If you deposit in Mongolian tugriks, however, you’ll earn 14% with Khan Bank and 13.3% with Golomt Bank. And there’s the rub. For years, people talked of taking an “easy” 14% and paying for any currency depreciation with the high interest. Then the tugrik fell 50%, and a lot of “easy” interest was wiped out.
For me, Mongolia is an interesting but rather ballyhooed place. It’s not particularly easy to cheap to get to, nor is it very exciting. Few people speak English, and I get an odd feeling about the banks from experts there I spoke to. Mongolia is interesting to me as an exotic option, but I find it’s been overhyped due to its natural resources.
The Uzbeki som – the national currency of Uzbekistan that even I hadn’t heard of until recently – had been steadily losing value against the US dollar until 2017, when it suffered a one-day loss of half of its value. Likely not the place you want to open a term deposit.

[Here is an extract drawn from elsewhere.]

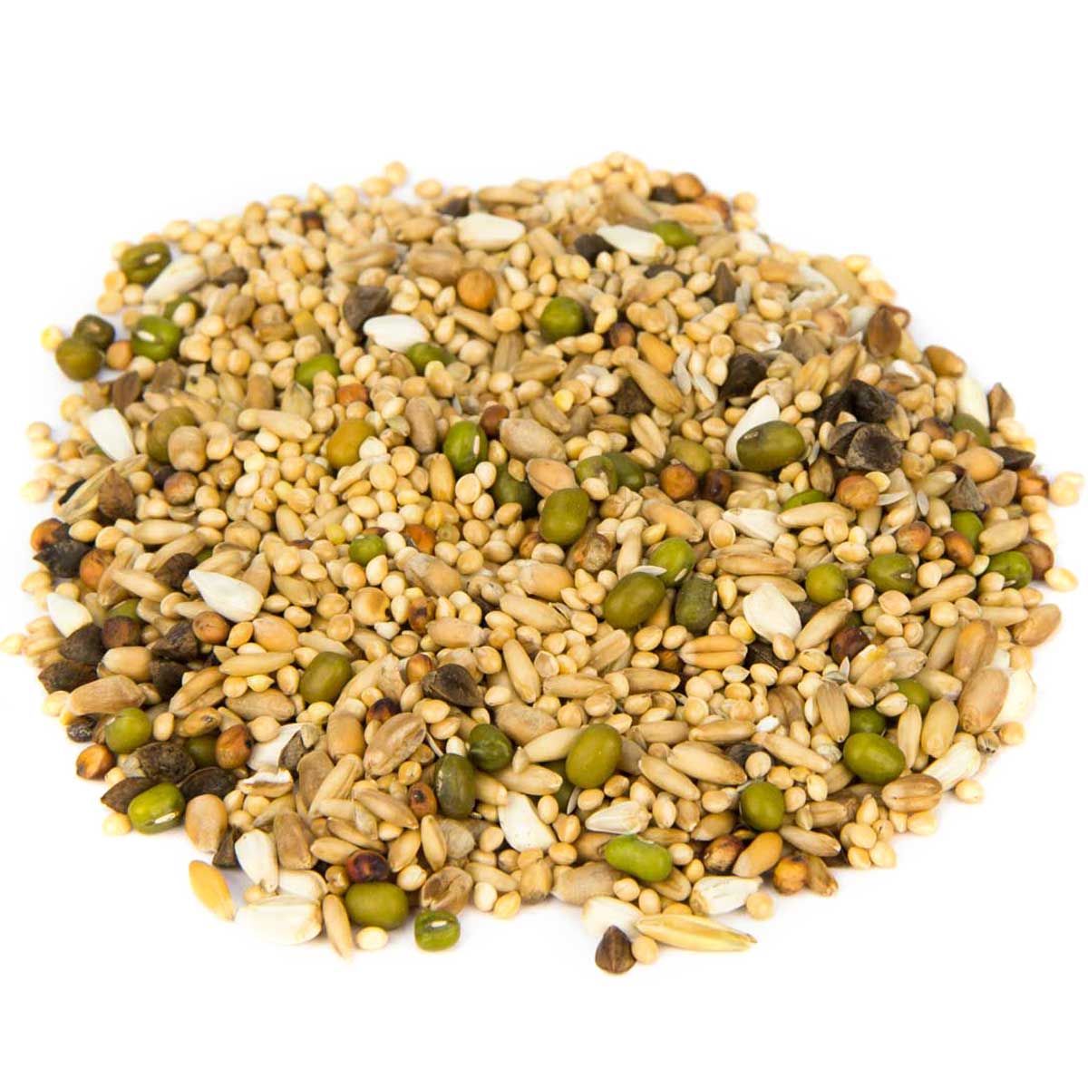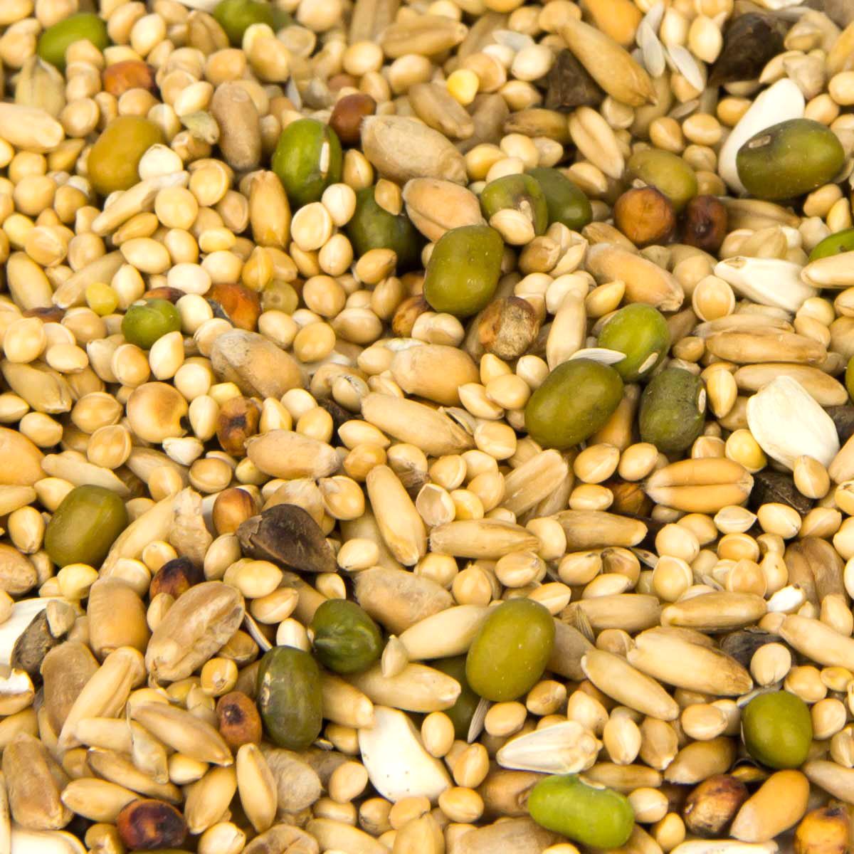 45 % sárga köles, 14 % búza, 14 % zab, 8 % mungóbab, 4 % milokorn, 6 % fehér köles, 3 % cardi mag, 1 % japán köles, 2 % hajdina, 2 % salátamag fehér, 1 % zab

Despite it’s flawed currency, Uzbekistan’s banks do offer one bit of reassurance in that no bank has been liquidated with unsettled liabilities since the country gained independence in 1991.
Few of Uzbekistan’s twenty-six banks have entered the digital world with working websites that display interest rates, let alone offer competent online banking services. Then again, Central Asia is among the world’s final frontiers, and barely one-third of its citizens even use the internet.
If exotic post-Soviet currencies are a risk you’re willing to take, Asaka Bank – one of the better digital banks – will pay you 17% for a one-year deposit in the Uzbeki som. Other banks pay similar rates; Trustbank at 16%, Asia Alliance at 15%, and Ravnaq Bank at a paltry 11.8%. US dollar accounts are available at 4% APY, a rate you can outperform in other countries.